Fred Maltby Warner (July 21, 1865 – April 17, 1923) was an American politician. He served as the 26th governor of Michigan from 1905 to 1911.

Birth in England and early life in Michigan
Born in Hickling, Nottinghamshire, England, Warner spent most of his life in Michigan. Warner was orphaned at three months of age and adopted by a family in Farmington. His adoptive father, P. Dean Warner, served in both chambers of the state legislature during periods from 1852 to 1870.

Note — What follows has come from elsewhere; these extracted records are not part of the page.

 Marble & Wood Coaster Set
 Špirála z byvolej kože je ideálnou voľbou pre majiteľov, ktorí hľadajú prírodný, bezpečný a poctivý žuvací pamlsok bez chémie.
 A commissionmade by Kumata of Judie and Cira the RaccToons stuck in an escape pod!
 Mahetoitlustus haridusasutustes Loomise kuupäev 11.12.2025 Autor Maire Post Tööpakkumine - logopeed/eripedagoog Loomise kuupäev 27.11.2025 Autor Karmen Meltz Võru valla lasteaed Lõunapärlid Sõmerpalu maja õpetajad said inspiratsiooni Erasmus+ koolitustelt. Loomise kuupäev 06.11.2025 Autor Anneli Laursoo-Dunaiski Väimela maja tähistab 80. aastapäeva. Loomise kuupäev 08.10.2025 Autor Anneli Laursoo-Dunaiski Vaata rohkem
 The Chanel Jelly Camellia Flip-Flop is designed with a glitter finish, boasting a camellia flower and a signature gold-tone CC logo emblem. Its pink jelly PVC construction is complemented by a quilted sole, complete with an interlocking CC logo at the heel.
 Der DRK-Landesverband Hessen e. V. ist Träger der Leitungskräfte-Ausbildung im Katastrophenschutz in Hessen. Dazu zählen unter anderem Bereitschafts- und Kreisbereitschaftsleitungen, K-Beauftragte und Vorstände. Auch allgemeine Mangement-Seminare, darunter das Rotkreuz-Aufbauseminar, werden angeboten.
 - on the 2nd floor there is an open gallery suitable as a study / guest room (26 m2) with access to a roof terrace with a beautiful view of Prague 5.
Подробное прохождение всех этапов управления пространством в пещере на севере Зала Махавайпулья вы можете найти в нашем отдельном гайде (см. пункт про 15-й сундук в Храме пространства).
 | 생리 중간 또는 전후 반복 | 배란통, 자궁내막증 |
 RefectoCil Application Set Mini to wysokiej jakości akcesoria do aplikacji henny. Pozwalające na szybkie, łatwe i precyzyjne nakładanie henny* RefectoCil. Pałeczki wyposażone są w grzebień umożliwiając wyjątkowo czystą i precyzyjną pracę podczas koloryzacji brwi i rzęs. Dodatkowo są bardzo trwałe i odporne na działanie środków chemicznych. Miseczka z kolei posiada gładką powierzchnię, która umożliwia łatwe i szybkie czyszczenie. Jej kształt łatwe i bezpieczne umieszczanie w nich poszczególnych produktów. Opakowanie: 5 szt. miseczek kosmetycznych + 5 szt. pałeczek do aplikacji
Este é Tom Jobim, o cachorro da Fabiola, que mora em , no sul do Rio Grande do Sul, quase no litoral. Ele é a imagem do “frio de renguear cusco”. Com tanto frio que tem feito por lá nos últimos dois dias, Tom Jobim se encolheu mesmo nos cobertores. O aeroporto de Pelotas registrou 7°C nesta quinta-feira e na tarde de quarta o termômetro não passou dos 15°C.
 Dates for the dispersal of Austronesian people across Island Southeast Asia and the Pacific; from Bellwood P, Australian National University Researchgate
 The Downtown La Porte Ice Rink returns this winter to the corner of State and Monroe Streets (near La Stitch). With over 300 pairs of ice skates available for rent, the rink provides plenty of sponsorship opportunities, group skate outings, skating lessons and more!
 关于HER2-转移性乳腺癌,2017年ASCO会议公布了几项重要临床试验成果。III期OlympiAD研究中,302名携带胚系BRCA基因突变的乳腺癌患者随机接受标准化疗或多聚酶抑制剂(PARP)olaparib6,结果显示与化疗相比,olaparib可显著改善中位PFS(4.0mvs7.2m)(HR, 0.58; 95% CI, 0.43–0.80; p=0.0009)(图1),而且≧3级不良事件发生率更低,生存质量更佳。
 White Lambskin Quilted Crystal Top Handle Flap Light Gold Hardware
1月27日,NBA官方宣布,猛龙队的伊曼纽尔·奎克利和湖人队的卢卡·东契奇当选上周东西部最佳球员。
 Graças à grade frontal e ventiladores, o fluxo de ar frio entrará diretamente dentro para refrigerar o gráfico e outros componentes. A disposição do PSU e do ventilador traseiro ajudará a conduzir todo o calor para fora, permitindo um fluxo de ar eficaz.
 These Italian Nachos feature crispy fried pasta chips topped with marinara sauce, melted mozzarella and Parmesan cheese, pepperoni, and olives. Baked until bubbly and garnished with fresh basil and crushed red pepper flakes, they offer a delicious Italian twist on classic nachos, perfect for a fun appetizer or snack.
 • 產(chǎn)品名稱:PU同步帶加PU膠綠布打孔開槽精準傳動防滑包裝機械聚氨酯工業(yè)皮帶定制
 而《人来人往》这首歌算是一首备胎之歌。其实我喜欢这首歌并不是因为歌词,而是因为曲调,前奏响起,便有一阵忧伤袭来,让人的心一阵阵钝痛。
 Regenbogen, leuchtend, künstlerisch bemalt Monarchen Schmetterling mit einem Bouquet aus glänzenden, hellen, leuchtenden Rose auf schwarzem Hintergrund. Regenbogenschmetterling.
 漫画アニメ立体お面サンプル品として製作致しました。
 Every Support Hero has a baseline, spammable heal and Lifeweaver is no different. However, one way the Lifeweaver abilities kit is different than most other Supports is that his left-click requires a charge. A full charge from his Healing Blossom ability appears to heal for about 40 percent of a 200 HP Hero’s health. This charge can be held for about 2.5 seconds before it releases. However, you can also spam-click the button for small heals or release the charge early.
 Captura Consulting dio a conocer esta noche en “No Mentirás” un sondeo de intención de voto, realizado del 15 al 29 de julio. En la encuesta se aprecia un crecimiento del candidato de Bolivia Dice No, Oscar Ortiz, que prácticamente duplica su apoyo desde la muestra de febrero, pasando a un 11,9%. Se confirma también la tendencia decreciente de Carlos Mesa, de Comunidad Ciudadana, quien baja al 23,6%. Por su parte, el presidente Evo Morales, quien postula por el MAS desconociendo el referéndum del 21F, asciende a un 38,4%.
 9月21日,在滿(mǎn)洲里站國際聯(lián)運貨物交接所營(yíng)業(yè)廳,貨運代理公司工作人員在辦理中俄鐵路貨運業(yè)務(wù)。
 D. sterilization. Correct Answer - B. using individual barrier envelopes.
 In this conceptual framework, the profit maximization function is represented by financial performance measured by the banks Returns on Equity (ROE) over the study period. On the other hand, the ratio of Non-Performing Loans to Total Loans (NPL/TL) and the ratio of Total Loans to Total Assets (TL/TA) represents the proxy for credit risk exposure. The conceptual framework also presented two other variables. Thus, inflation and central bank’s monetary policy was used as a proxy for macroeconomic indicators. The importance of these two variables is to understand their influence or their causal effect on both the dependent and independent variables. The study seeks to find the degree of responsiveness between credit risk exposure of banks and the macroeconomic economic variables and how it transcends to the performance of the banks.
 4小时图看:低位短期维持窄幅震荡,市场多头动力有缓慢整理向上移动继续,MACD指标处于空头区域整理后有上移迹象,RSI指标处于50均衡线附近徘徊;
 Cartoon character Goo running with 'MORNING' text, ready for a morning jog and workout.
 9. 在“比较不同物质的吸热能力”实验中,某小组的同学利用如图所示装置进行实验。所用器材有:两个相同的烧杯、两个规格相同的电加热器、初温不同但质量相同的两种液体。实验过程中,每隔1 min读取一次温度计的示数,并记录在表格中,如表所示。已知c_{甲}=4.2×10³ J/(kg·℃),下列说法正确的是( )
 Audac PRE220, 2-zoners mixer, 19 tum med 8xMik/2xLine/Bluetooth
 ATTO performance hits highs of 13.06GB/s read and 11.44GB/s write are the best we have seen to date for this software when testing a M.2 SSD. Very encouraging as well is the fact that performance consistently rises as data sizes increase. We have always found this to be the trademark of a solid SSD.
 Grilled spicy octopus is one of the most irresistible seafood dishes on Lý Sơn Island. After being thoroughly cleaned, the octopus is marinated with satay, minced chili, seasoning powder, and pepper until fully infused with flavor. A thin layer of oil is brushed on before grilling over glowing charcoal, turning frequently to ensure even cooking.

He attended the common schools there and later attended the Michigan Agricultural College (now Michigan State University). He worked at his father's store and later, as a Farmington businessman and agriculturist, he established thirteen cheese factories.

Politics
As a prominent citizen he rose quickly in politics in 1894. From 1895 to 1898 he served in the Michigan Senate just as his father did. From 1901 until 1904 he served as the Michigan Secretary of State under Aaron T. Bliss.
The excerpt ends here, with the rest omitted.